Name Purpose License Documentation Version Community
flake8 Imports + PEP8 rules MIT License Good, no docs for plugins development 3.8.3 Big, 123 contributors and 943 stars in github
Pylint Errors, coding standard GPLv2 Very good 2.5.3 Big, 283 contributors and 3k stars in github
Bellybutton Custom linting rules MIT License Regular, good examples 0.3.0 (alpha) Small, 3 contributors and 183 stars in github
PyFlakes Analyzes programs and detects various errors MIT License Regular, good examples 2.2.0 Medium, 3 contributors, 910 stars in github
pycodestyle Style conventions in PEP 8 MIT License Regular, basic docs 2.6.0 Big, 109 contributors and 4.1k stars in github

Custom rules implementation:

Name Custom rules (type) Hardness
flake8 YES: custom plugins since V.2 Hard
Pylint YES: token, RAW and AST using astroid Medium
Bellybutton YES: regex and AST (xAST) using astpath Easy
PyFlakes YES: regex, RAW and AST using astroid Medium
pycodestyle YES: token using tokenize Hard

Caveats

When an old file is modified, as happens now with flake8, this file must be corrected to comply with the established rules.

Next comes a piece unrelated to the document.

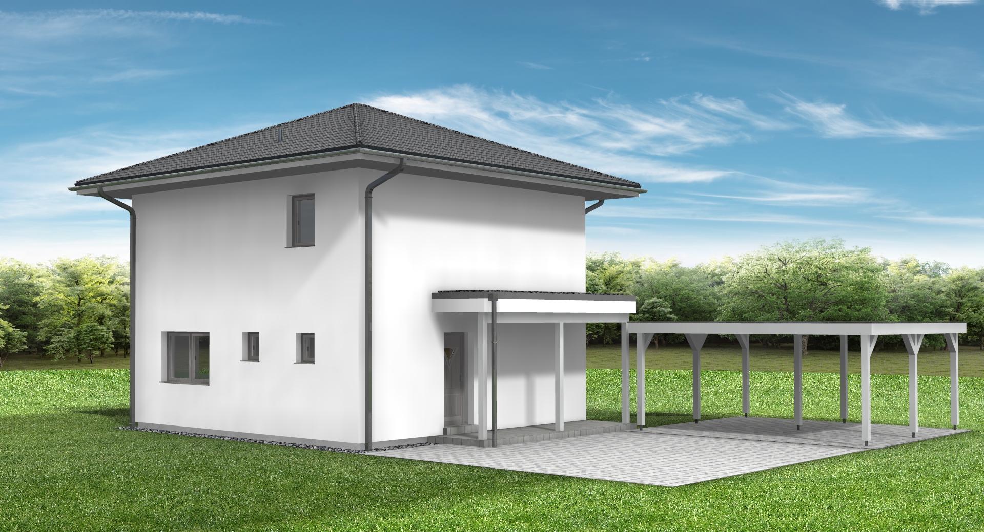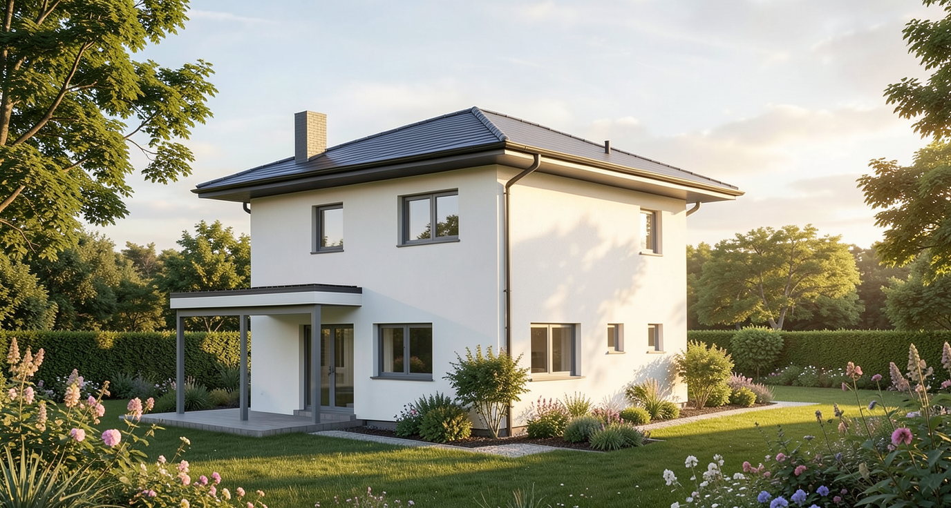 erstelle f r dieses bild eine realistische au enansicht dach anthrazit fassade wei fenster und haust re hellgrau das haus soll in einem dezent modernen garten situiert sein behalte alle ma e und farben des hauses exakt bei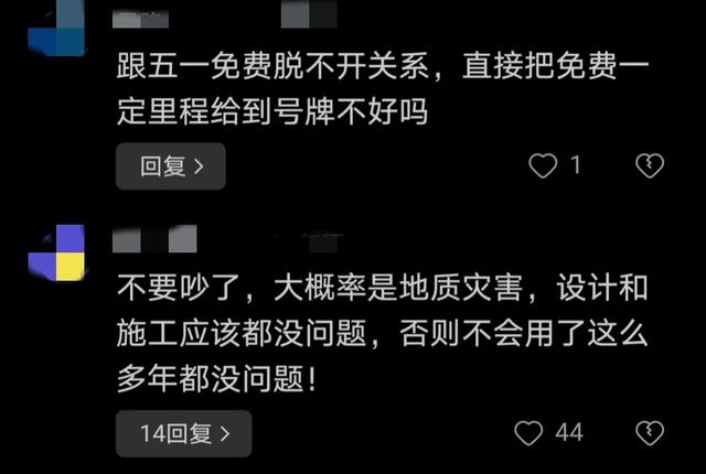 有网友认为,事故发生在五一小长假,高速免费,车辆众多,对路面的负荷加重。

To solve this, as we do with flake8, we can use a configuration adapted for yapf, which can auto-correct the code according to the indicated rules.

Operation

This is an internal tool for the development team.

It will run automatically during continuous integration or on-demand in the local environment as a make command.

It will be implemented and maintained by the automation team and any developer will be able to implement new rules or request that they be implemented by the automation team, submitting a task to their backlog.

Security Impact

This proposal has no security implications.

Performance Impact

A static code check should not increase the build time in jenkins by more than a few seconds, depending on the amount of code to check.

Developer Impact

Depending on the rules that are defined, it can cause positives when someone modifies an old file that violates the rules. To comply with the verifications, it will be necessary to correct the broken rules in the modified file.

Since the rules are defined by the development or automation team, this issue must be considered.

Data Consumer Impact

This proposal has no data consumer implications.

Deployment

Deployment can be done without the DevOps team beyond participating in Pull Request reviews and uploading the chosen python package to the development pypi repository. Neither is your participation in maintenance necessary, as it would be the same as the flake8 quality gate.

Dependencies

There is no dependency on other projects.